That means a lot @Alphamale , my brother from across the world. Hopefully I’m a force for good in the world. I’d like to say I’m just a cog-in-the-machine or pawn, but I was given the privilege of autonomy over choosing my assignments, and have tested the limitations of that. Much love to you .
It was my calling to be a soldier and that was when I was 7-21. I feel like I’ve served my purpose with that calling and ready to move on to the next thing in my lifetime and evolution. On the journey I have met my best friend, lovers, great people, etc. It’s changed my life forever and the impact will continue for the rest of my life.
I’ve been the personal recipient of worldwide love from unexpected people and families and also hatred by those who oppose what I do. It hurt my feelings at first, but then I understood that criticism comes with the territory and that’s just a part of fulfilling my purpose.
The criticism really got to me because it hits different coming from old friends. This was my divine calling and being known as “just a pawn” was really a slap in the face. I am no government’s pawn, the fire of God compelled me to do something so I did what was set out for me and have been blessed for it.

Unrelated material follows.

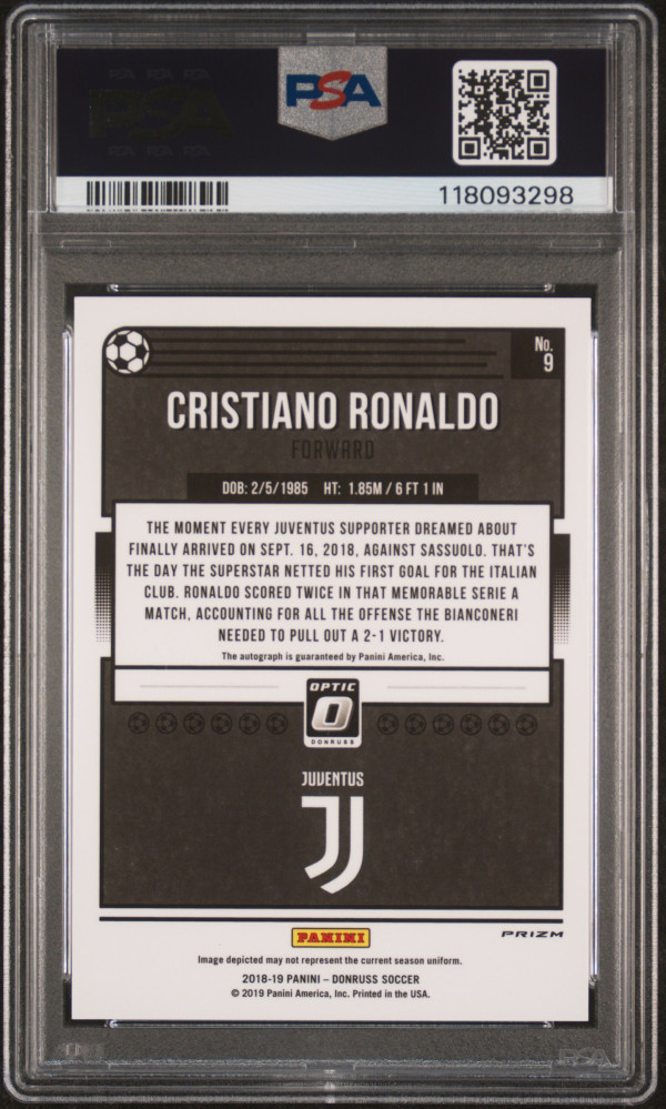 You are purchasing a 2018 Panini Donruss Cristiano Ronaldo #9 Optic Autograph PSA 10. You will receive the exact item in the photographs. Thank you for looking.
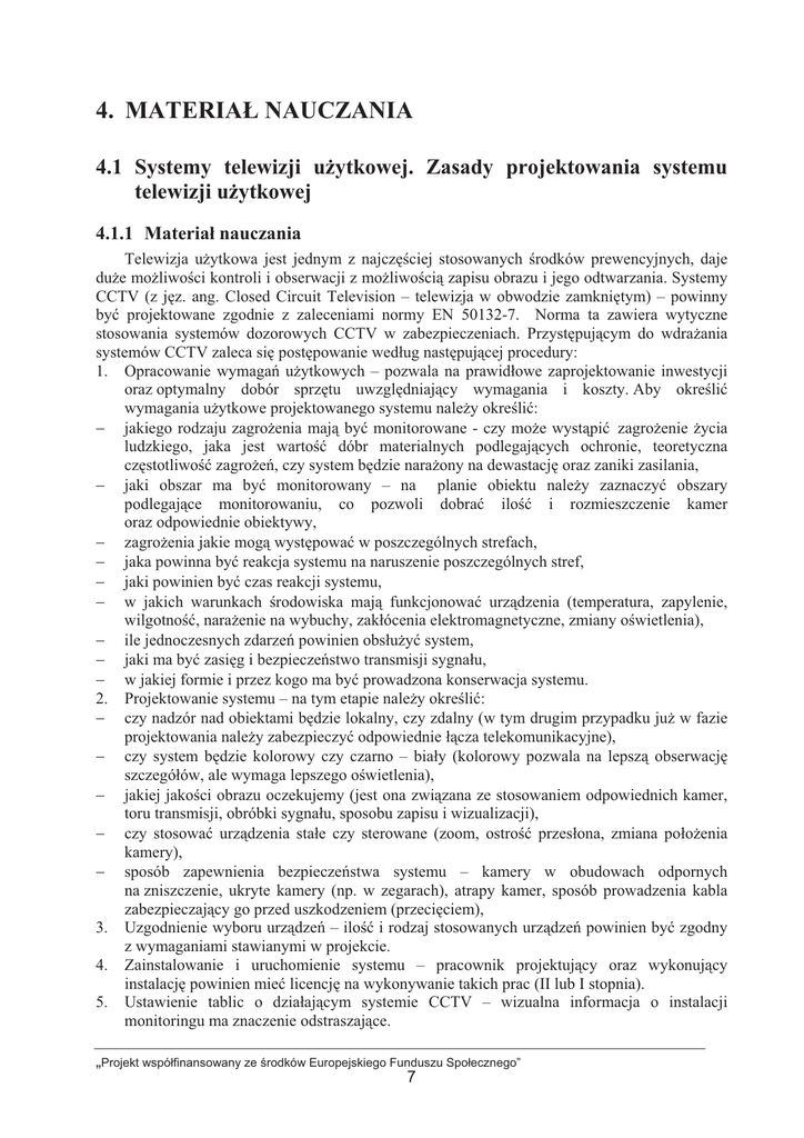 4.1 Systemy telewizji u!ytkowej. Zasady projektowania systemu

Now my contract is ending and I am deciding that I want this to be my final mission. It really sucks because I crave the full freedom and control of my life, but I am going to lose a big part of me. For years I’ve been a part of something great and bigger than myself, and people have recognized me as great. My reputation reached memetic proportion in my community. Being called a veteran is not enough for me. I feel like I’m losing something. But at the same time, if I stay, I will eventually be unreasonably disadvantaged and suffer. It is by the grace and mercy of God I prevail through all the challenges that have come my way. The warfighter isn’t truly cared for by any of our governments and even some of our fellow citizens. It’s just the nature of being a man that the bloody game of war has to be done. Someone has to do it. Somewhere along the way of silencing our emotions and feelings and thinking we are impenetrable vessels of steel, mankind must know God is there to provide for our emotional nature too, because we cannot hide it from him, something which he created. Purpose is tough is what I’m saying. I am a bit sad because of the dilemma, but also overjoyed by the blessings.